Problem:
Copy the data below exactly, but not the pictures it contains.

Supplied information:
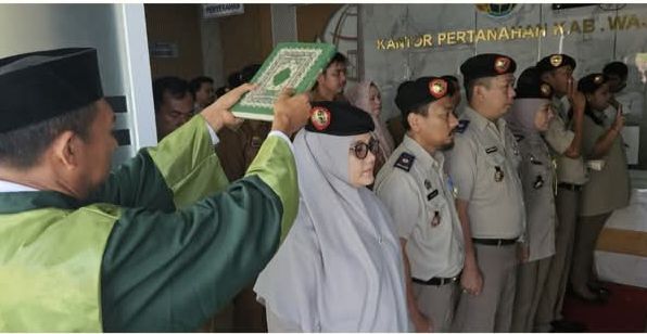 Wajo, – Celoteh.Online — Kantor Pertanahan Kabupaten Wajo melaksanakan Pelantikan dan Pengambilan Sumpah Panitia Ajudikasi dan Satuan Tugas untuk Program Pendaftaran Tanah Sistematis Lengkap (PTSL) Tahun Anggaran 2025. Kegiatan ini dipimpin oleh Plt Kepala Kantor Pertanahan Kabupaten Wajo, Dwi Agus Purwanto, serta dihadiri oleh Kepala Desa dan anggota tim yang terlibat dalam program ini.
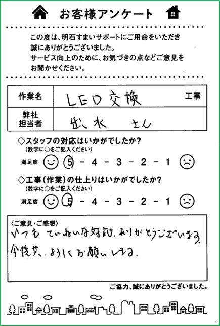 リフォームお客様の声|LED照明交換|浜松市
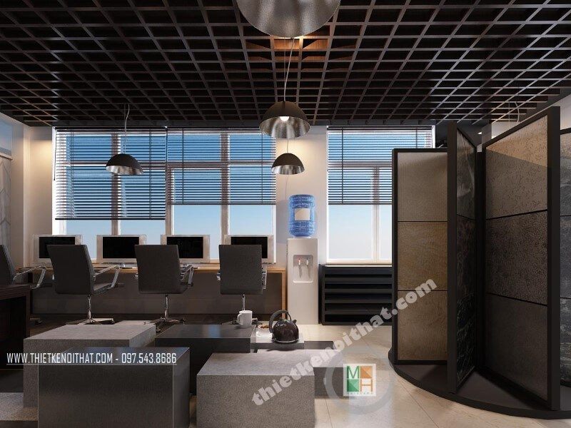 Mẫu thiết kế nội thất showroom văn phòng ấn tượng kết hợp với khutrưng bày đá tự nhiên độc đáo.
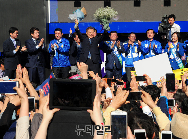 문재인 더불어민주당 대선후보가 3일 오후 경남 창원시 마산합포구 문화광장에서 꽃을 들고 만세를 하고 있다.

Exercise response:
 Wajo, – Celoteh.Online — Kantor Pertanahan Kabupaten Wajo melaksanakan Pelantikan dan Pengambilan Sumpah Panitia Ajudikasi dan Satuan Tugas untuk Program Pendaftaran Tanah Sistematis Lengkap (PTSL) Tahun Anggaran 2025. Kegiatan ini dipimpin oleh Plt Kepala Kantor Pertanahan Kabupaten Wajo, Dwi Agus Purwanto, serta dihadiri oleh Kepala Desa dan anggota tim yang terlibat dalam program ini.
 リフォームお客様の声|LED照明交換|浜松市
 Mẫu thiết kế nội thất showroom văn phòng ấn tượng kết hợp với khutrưng bày đá tự nhiên độc đáo.
 문재인 더불어민주당 대선후보가 3일 오후 경남 창원시 마산합포구 문화광장에서 꽃을 들고 만세를 하고 있다.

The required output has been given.